The premise behind environmental accounting is to incorporate the impacts of an entity’s operations on the environment into its accounting and financial reporting and other non-financial information. Corporate environmental accounting focuses on transparency in corporate reporting through disclosure of environmental related costs and revenue. Its application includes the evaluation and assessment of the value of unused environmental resources and accrual for the environmental effect of anticipated and unforeseen events giving a more accurate account of the economic value of an entity. This information may be presented in an entity’s financial statements, MD&A or separate environmental reports; however, it is important to keep in mind that if you apply environmental accounting in your entity’s annual audited financial statements, any recorded amounts must still comply with Canadian generally accepted accounting principles.

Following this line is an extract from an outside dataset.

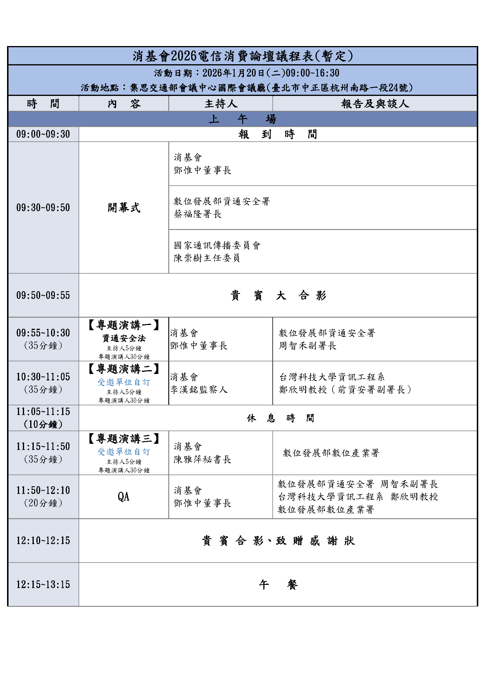 【最新消息】消基會2026電信消費論壇(115.01.15)

The application of environmental accounting has a number of advantages for an entity:
As an example, consider a rail company that has an accident where cars containing toxic materials leak. Under traditional accounting, this event would be accounted for in the period in which it occurs, by recording the expenses related to the clean up. However, if the company had applied environmental accounting principles, it might have foreseen the possibility of such an accident and made provisions to mitigate likely environmental and financial effects. The company, knowing the potential for a contingent liability relating to the cost of a cleanup, could have set aside a sinking fund in anticipation. The company could have also set up cleaning materials close to the area given its probability for an incident, thereby reducing the immediate costs of cleanup as the needed materials were pre-purchased and available. If the incident did in fact take place, having the contingent liability already recorded would reduce the severity of the impact on the income for the company in that period.
Environmental accounting is becoming more and more prevalent world-wide; a trend that is expected to continue. Given the growing demand for such information we encourage you to consider whether environmental accounting is right for your business and its stakeholders.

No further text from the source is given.